## Exercise description
Leave out the pictures and set down exactly the lines from the start of the listing through the one with "Pearl Eyewear Chain", both included.

## Exercise input
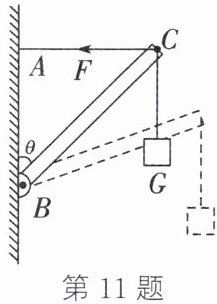 11. 如图所示,轻质细杆$BC可绕竖直墙上的B$点转动,末端$C$点挂一重物,重力为$200N$,拉力$F$始终沿水平方向,此时$\theta =45^{\circ}$,则拉力$F= $______$N$,若拉力保持水平方向,让细杆顺时针缓慢旋转一个小角度到虚线位置,则拉力将______(变大/不变/变小)。
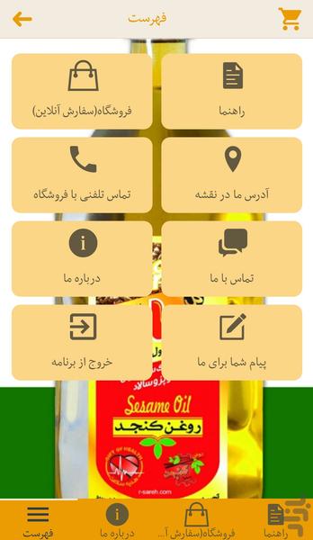 با این برنامه میتوانید به صورت آنلاین محصولات روغن کنجد ساره را سفارش دهید و درب منزل هزینه سفارش خود را پرداخت کنید و سفارش خود را تحویل بگیرید.
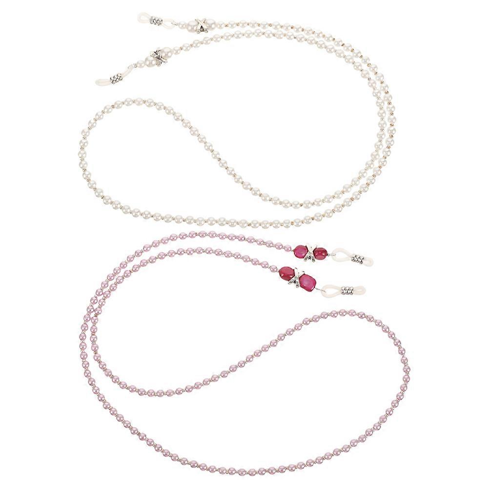 Pearl Eyewear Chain Holder Necklace Imitation Pearls Glasses Chain For Women Girls Travel Daily Wear 2Pcs
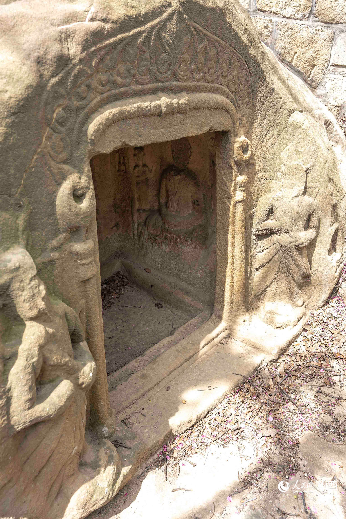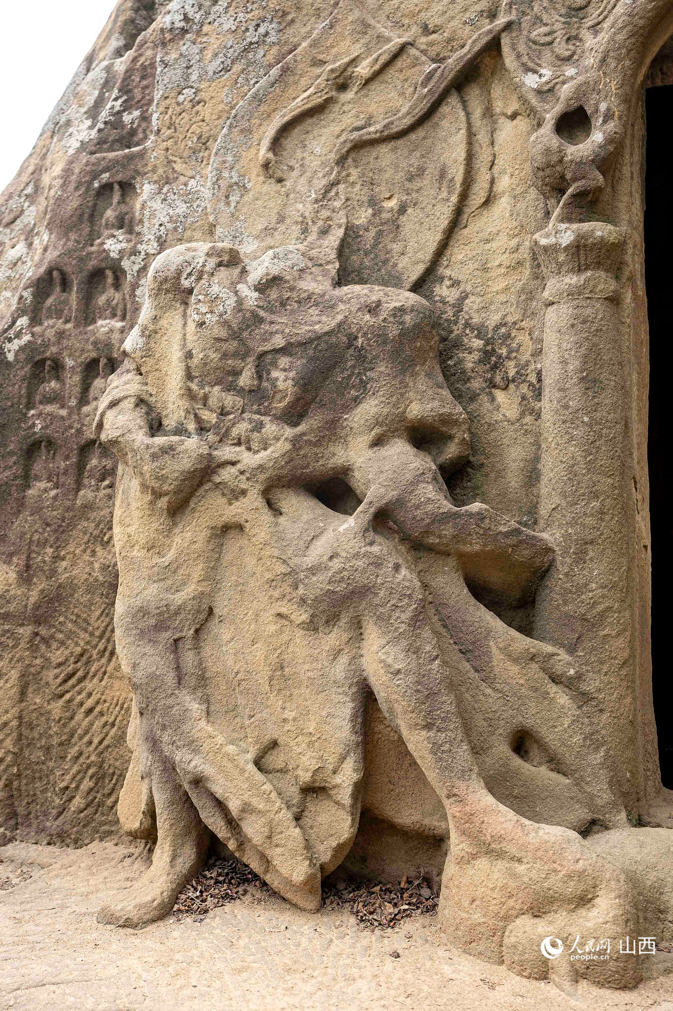 這方砂巖鑿就的藝術圣殿,處處盡顯文明交融之痕跡。門楣處的忍冬紋飾,葉脈間暗藏佛教傳播與藝術本土化的復雜進程。殘存的力士造像足踏獅象設計,巧妙融合印度佛教象征體系與中國門神文化傳統。
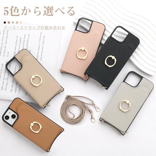 3CCart 対応 iPhone 15Pro Max ケース 手帳 ショルダーストラップ iPhone 15Pro Max 手帳型 ケース 背面 カード収納 スマホリング スタンド カードホルダー アイフォン 15プロ マックス ケース 財布型 カバー おしゃれ 女性 斜め掛け スタンド機能 ストラップ着脱可 落下防止 コーラルピンク
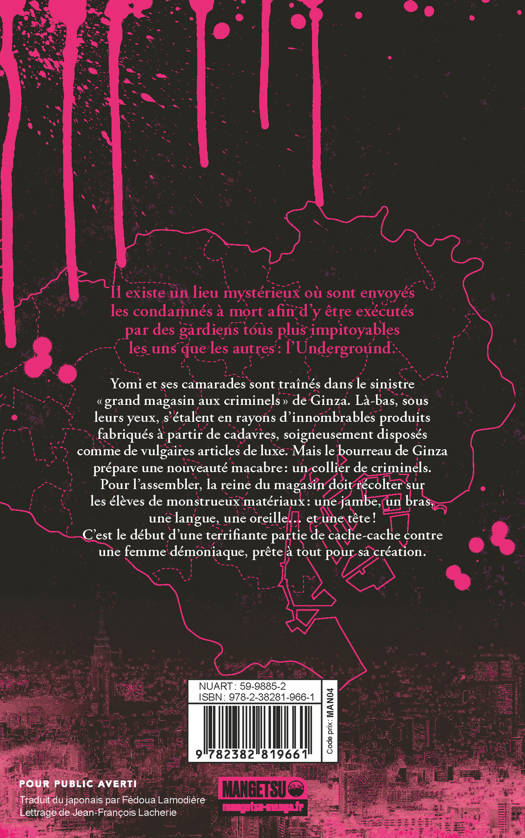 Yomi et ses camarades sont traînés dans le sinistre « grand magasin aux criminels » de Ginza. Là-bas, sous leurs yeux, s'étalent en rayons d'innombrables produits fabriqués à partir de cadavres, soigneusement disposés comme de vulgaires articles de luxe. Mais le bourreau de Ginza prépare une nouveauté macabre : un collier de criminels. Pour l'assembler, la reine du magasin doit récolter sur les élèves de monstrueux matériaux : une jambe, un bras, une langue, une oreille... et une tête ! C'est le début d'une terrifiante partie de cache-cache contre une femme démoniaque, prête à tout pour sa création.
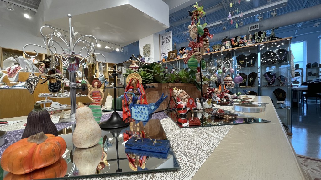 It’s time to start thinking about gift shopping for the holidays. Do you want something unique for everyone on your list? Unique, unusual, eye-catching, and special gifts can be found at Creative Journey Studios. You won’t find the gift you gave your sister last year or the one Grandpa got regifted for the last five years…instead find something that one of our 77 artists from around the world has made, that just may be the perfect gift! So come in and shop with us and we’ll be happy to give you suggestions or just stand back and watch you have fun making your own choices.
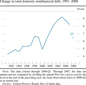 The total debt of the domestic nonfinancial sector expanded at an annual rate of 6-1/2 percent in the first quarter of 2008, a somewhat slower pace than in 2007. The moderation in borrowing was mainly accounted for by a slowdown in the growth of household debt, particularly mortgage debt. Borrowing by nonfinancial businesses also decelerated, but at a 9-1/4 percent pace, it was still high by historical standards. Preliminary data suggest that overall debt growth slowed further in the second quarter.
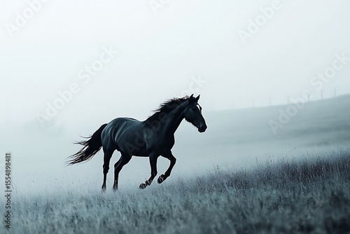 horse, black horse, galloping, running, field, mist, fog, equine, animal, mammal, nature, outdoors, freedom, power, strength, motion, movement, landscape, rural, countryside, grass, pasture, wildlife, farm, one animal, dark, silhouette, foggy, atmospheric, moody, serene, peaceful, quiet, tranquil, elegance, graceful, beautiful, majestic, equestrian, full body, half face, monochrome, dreamy, aethereal
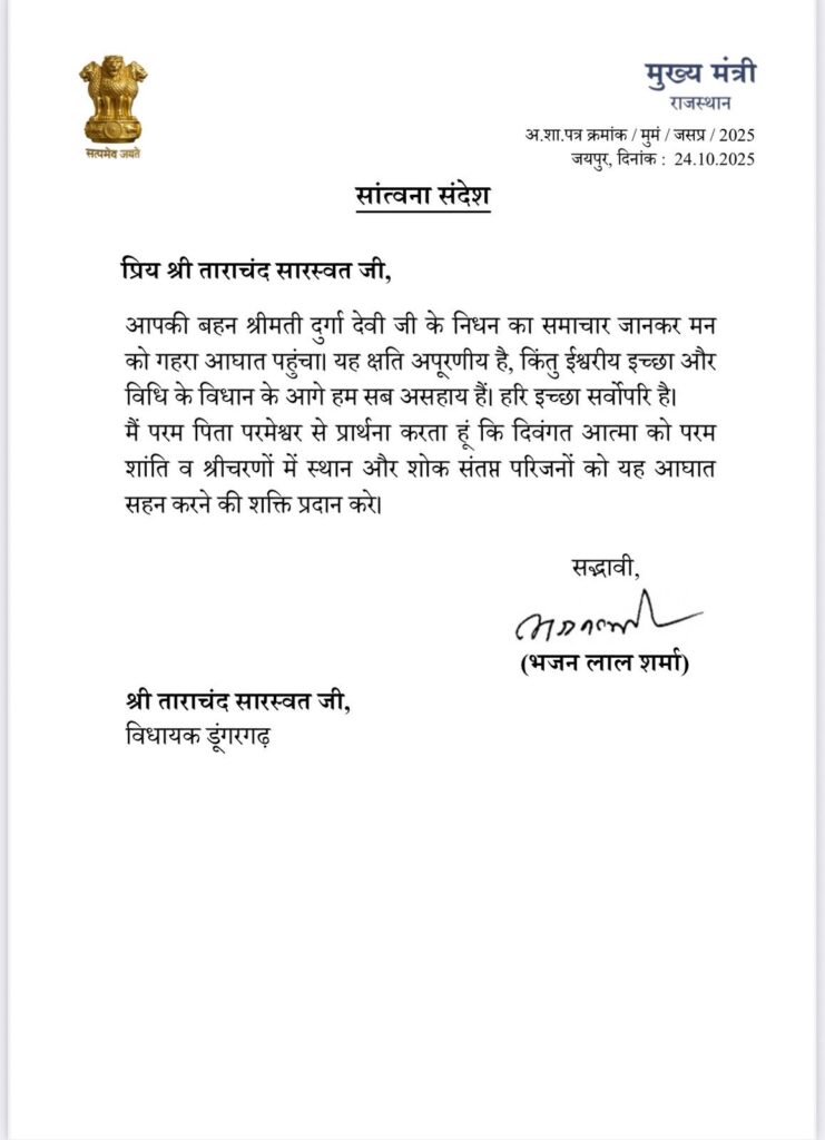 मुख्यमंत्री भजनलाल शर्मा ने शोक संदेश पत्र प्रेषित कर विधायक ताराचंद सारस्वत परिवार के प्रति गहरी संवेदना जताई है।
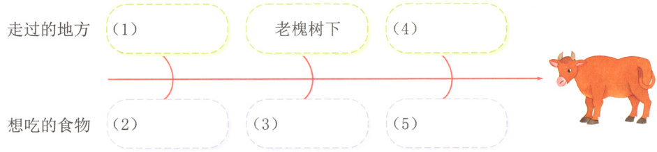 1. 思维导图 读了短文,我知道小黄牛走过了哪些地方,想吃什么食物。我会根据短文内容,填写思维导图。(5分)
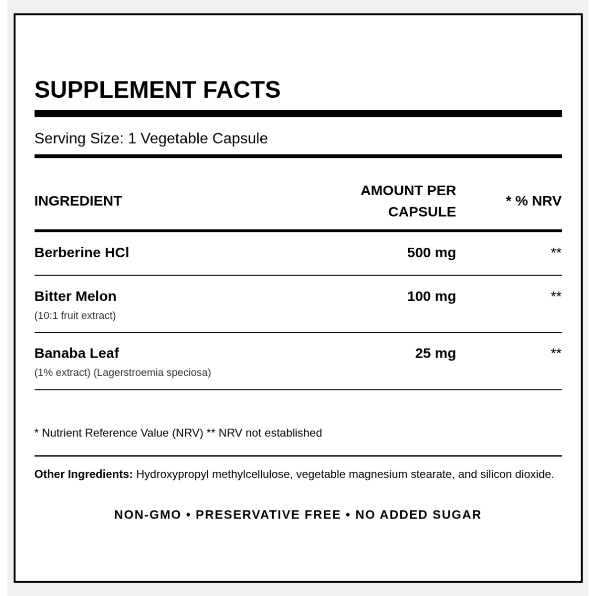 Това е уникална формула, защото съдържа Bitter Melon 100mg и Banaba leaf 25mg, 2 растителни съставки с благоприятни свойства върху метаболизма на глюкозата. Цялостното им синергично действие може да допринесе за подобряване на метаболитното здраве и засилване на ефектите на берберина.
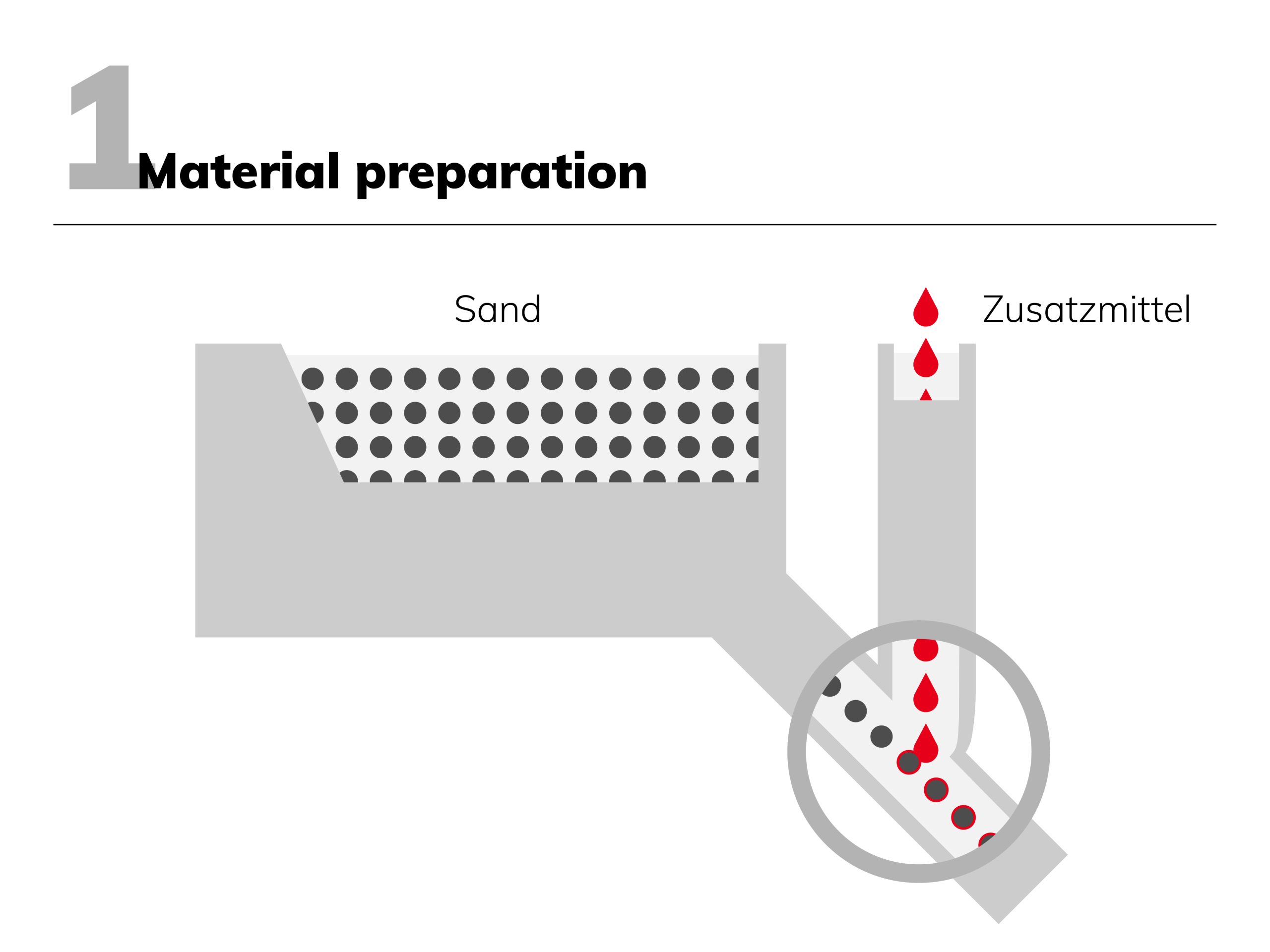 Kernstück der Linie sind fünf voxeljet VX1300-X 3D-Drucksysteme, die im Parallelbetrieb eine außergewöhnlich hohe Produktivität ermöglichen. Der Druckprozess basiert auf selektivem Binder-Jetting, bei dem dünne Sandschichten mittels eines bidirektionalen Beschichtungs- und Drucksystems in kürzester Zeit mit einem anorganischen Binder in einer Jobbox bedruckt werden. Die Schichtzeit liegt unter acht Sekunden – ein entscheidender Faktor für die Serienfähigkeit.
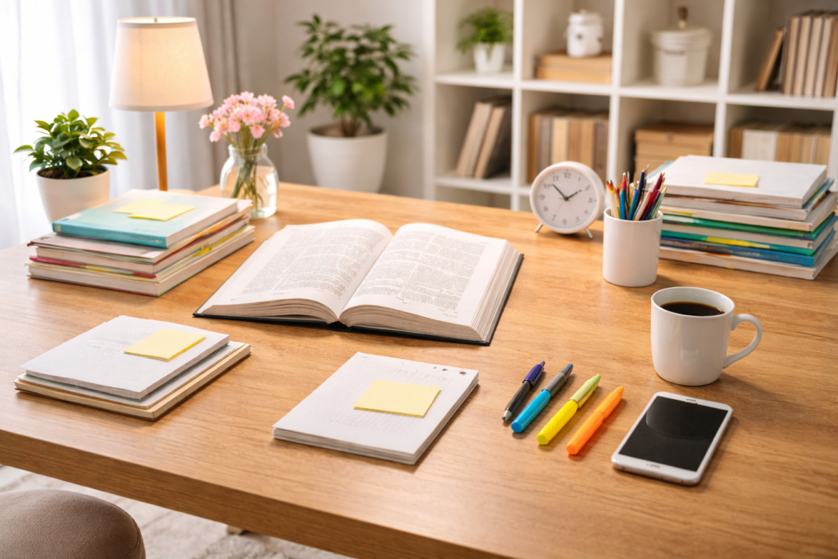 学習環境は継続に大きく影響します。机に向かったときにすぐ勉強を始められる状態であれば、心理的な負担は小さくなります。教材がすぐ手に取れる場所に置かれている、必要な文房具がそろっている、余計な物が机の上に少ないといった環境は、勉強のハードルを下げる要素になります。
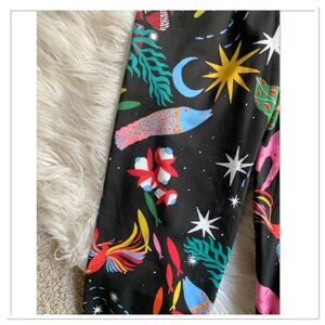 Black Yellow Multicolor Star Moon Animal Bold Colourful All Over Print Pull On Drawstring Waist Side Zip Pockets Elton Pant In Moonlight By Alden Adair Size Extra Small
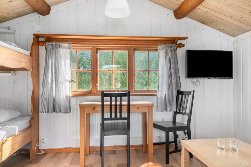 Orestuga är 18 kvm och har plats för totalt två personer. Det finns en våningssäng i stugan och täcke och kuddar finns till alla bäddar. Det finns en toalett i stugan men ingen dusch, det finns i servicehuset att nyttja. Tv och matplats finns, samt kök utrustat med spis, ugn, kyl och kaffebryggare. Motorvärmaruttag finns till stugan. De första bilderna visar stuga nummer 61. Observera att stugorna skiljer sig åt från nummer till nummer.
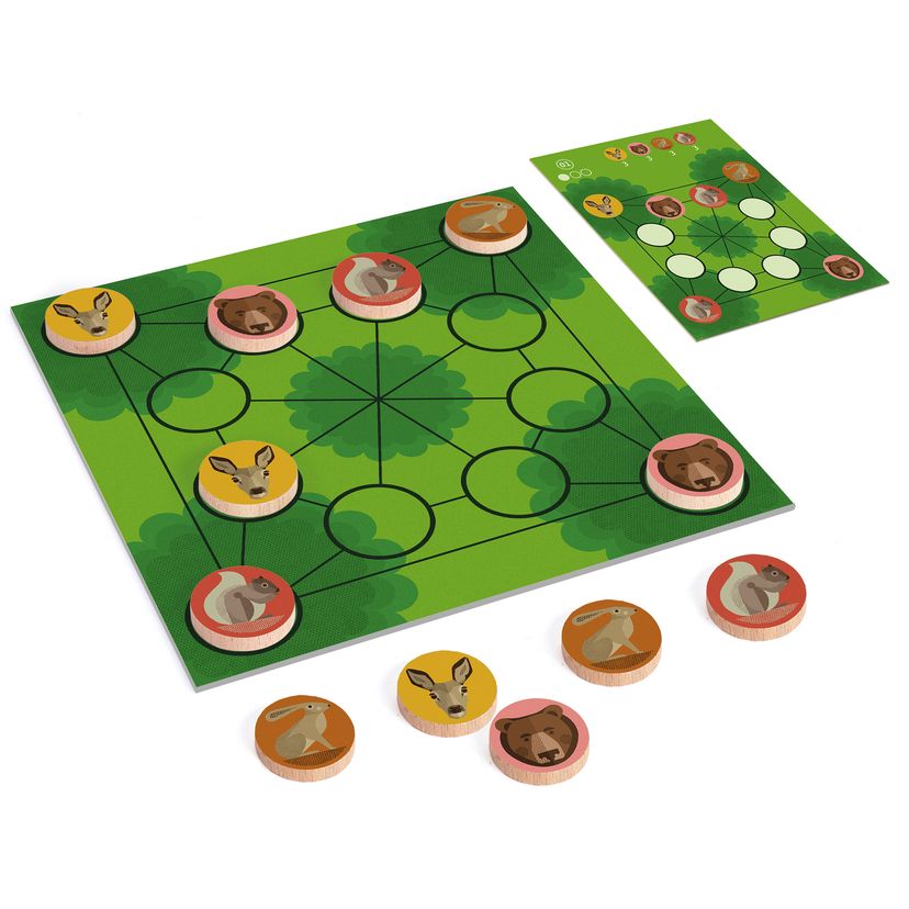 Die Tiere des Waldes leben harmonisch zusammen, solange sie ihr jeweiliges Territorium respektieren. Das ist jedoch gar nicht so einfach. Wer schafft es, alle Tiere trotz Vorgaben auf dem Spielbrett unterzubringen? So darf z.B. zwischen zwei identischen Tieren keine gerade Linienverbindung bestehen, und ein Rehkitz muss stets mit einem Reh in direkter Linie verbunden sein. Ein kniffliges Logikspiel mit drei Schwierigkeitsstufen, das allein oder mit mehreren gespielt werden kann. Für jede Aufgabe gibt es nur eine Lösung und die findet man für alle Fälle in der Spielanleitung.

## Response to the exercise
 11. 如图所示,轻质细杆$BC可绕竖直墙上的B$点转动,末端$C$点挂一重物,重力为$200N$,拉力$F$始终沿水平方向,此时$\theta =45^{\circ}$,则拉力$F= $______$N$,若拉力保持水平方向,让细杆顺时针缓慢旋转一个小角度到虚线位置,则拉力将______(变大/不变/变小)。
 با این برنامه میتوانید به صورت آنلاین محصولات روغن کنجد ساره را سفارش دهید و درب منزل هزینه سفارش خود را پرداخت کنید و سفارش خود را تحویل بگیرید.
 Pearl Eyewear Chain Holder Necklace Imitation Pearls Glasses Chain For Women Girls Travel Daily Wear 2Pcs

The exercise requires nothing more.